Friday, January 15, 2010

Bonus Friday Post: More Durnken Rambling, And A Flava Flav Reference

Yeah, there's a typo in the title, but it's hilarious and it's staying.

...and yet, I was sure to google "Flava Flav" to make sure I spelled his name correctly.



It's all about priorities.



So, all indications of borderline alcoholism aside, I might be a little tipsy again. Tonight's poison? A locally aged Sangiovese that went perfectly with the eggplant, spinach, and tofu parmesan that I made as part of an intended romatic dinner...



...a dinner that Brian breezed in for, chowed down, and left again, all within the span of 30 minutes or so.



But it's not his fault.


Unfortunately, Brian had to work late again tonight. Something about fire alarms in a hotel not being wired into the mainframe or what have you. So he was in and out and that fancy dinner for two became fast food and here I am, stuck with this opened bottle of Sangiovese and a whole lotta time on my hands.



Because it's Friday, I ain't got no job, and I ain't got shit to do!



Oh, Chris Tucker...you are so, SO dead on.



I had a job interview today. Just some part-time hours working as a receptionist in a veterinary clinic.


And I know you all are thinking about how I'm pretty much employment "slumming," and "oh, god, did you know that woman used to be a professional writer once? Can you BELIEVE that she's working in a veterinary clinic now? How sad!"


But you know what? That kind of job has the potential to make me very, very happy.


..Plus, the bills that keep finding their way into my mailbox don't think I'm too educated to take this job....In fact, they're all in favor of me bringing home some Goddamn INCOME, naaaah' sayin?!?



So yeah, I really want the job. The hours are perfect, allowing me to keep the majority of my day free to pursue my freelance writing business, and the job entails all sorts of moving and animal handling and people interaction - which is exactly what I'm looking for. And no, I'm not going to threaten to slit any of the animals' throats.


That shit stays inside the family.



I have a "working interview" scheduled for this Wednesday, so I'm going to need you all to keep your fingers crossed for me.



Moving on, I may be a little "durnk," but I've decided that this here blog needs a shot of adrenaline. We definitely need to bring some Flava Flav up in this beeyatch.

Not "Flava Flav" the man (I mean, eew, LOOK at him for chrissake!).


"Flava Flav" the spice. The hotness. The queso caliente (those are the only two spanish words I know. Well that, and biblioteca, which I'm pretty sure I just spelled all kinds of wrong).


So, my dear readers, what does it all mean?


It means that I'm in need of a muh-fukin' GUEST POST, son!


Seriously.

This blog needs some 5-hour energy (No jitters!

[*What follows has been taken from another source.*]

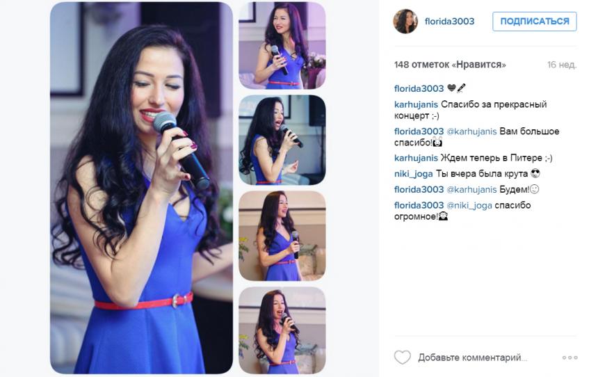 О Флориде известно, что 30 марта ей исполнится 25 лет и что звучное имя выпускницы джазового факультета СПБГУКИ, приехавшей в Питер из Челябинска, — это специальный псевдоним для работы в караоке. Кроме того, девушка просто обожает своих племянников, работу, а также отдыхать в теплых странах. А вот о личной жизни красотки информации пока нет.

No crash!) in the form of some fresh talent.


Just think - my readers, all 73 of them - reading your awesome guest post and finding the link to your blog.
How cool would that be?
Imagine the possibilities!


So if you think you could be the person to kick this blog in the proverbial ass, by all means, send an email to tapdancinginthedark@yahoo.com.


Don't make me beg. It's not pretty, and things might get a little uncomfortable.

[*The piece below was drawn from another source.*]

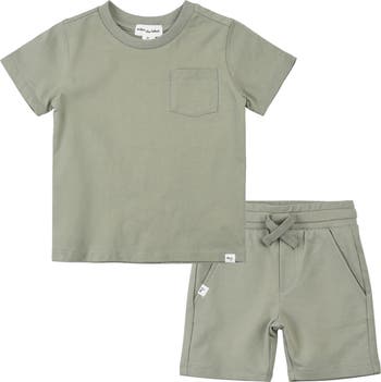 Keep baby comfy in this essential set featuring a short sleeve cotton shirt paired with elastic-waist shorts.

As for the rest of the night? Who knows!
Maybe I'll motivate myself to finish the laundry and clean the bathroom.

Or maybe I'll end up drinking this entire bottle and Brian will find me passed out at my desk in a pool of my own saliva.


Either way, I'm thinking it's gonna be a good night.




(Email me, bitches)

5 comments:

Travis said...

I'm fittin to email you, but I'll say it here first.

Imma do your blog so good.

That's real.

Emailing now.

adrienzgirl said...

Oh me oh my how I love me some durnken blog posts! I do, and then everyone gets all self righteous and indignant the next day and takes the shit down. And then I am sad.

I love this Lily and I will cross my fingers for you that you get your vet job.

Elise said...

What a creepy photo -- he reminds me of that bad guy in the James Bond movies, I think his name was Jaws.

Looking forward to your guest bloggers.

Ed said...

I'll keep my fingers crossed for ya.

And if you need more guest bloggers, let me know.

I might be able to swing a lil sumthin sumthin.

Mr. Apron said...

Wow. You're drunker than Alec Baldwin's character in 30 Rock on the smell of 2,000 year old Phonecian wine.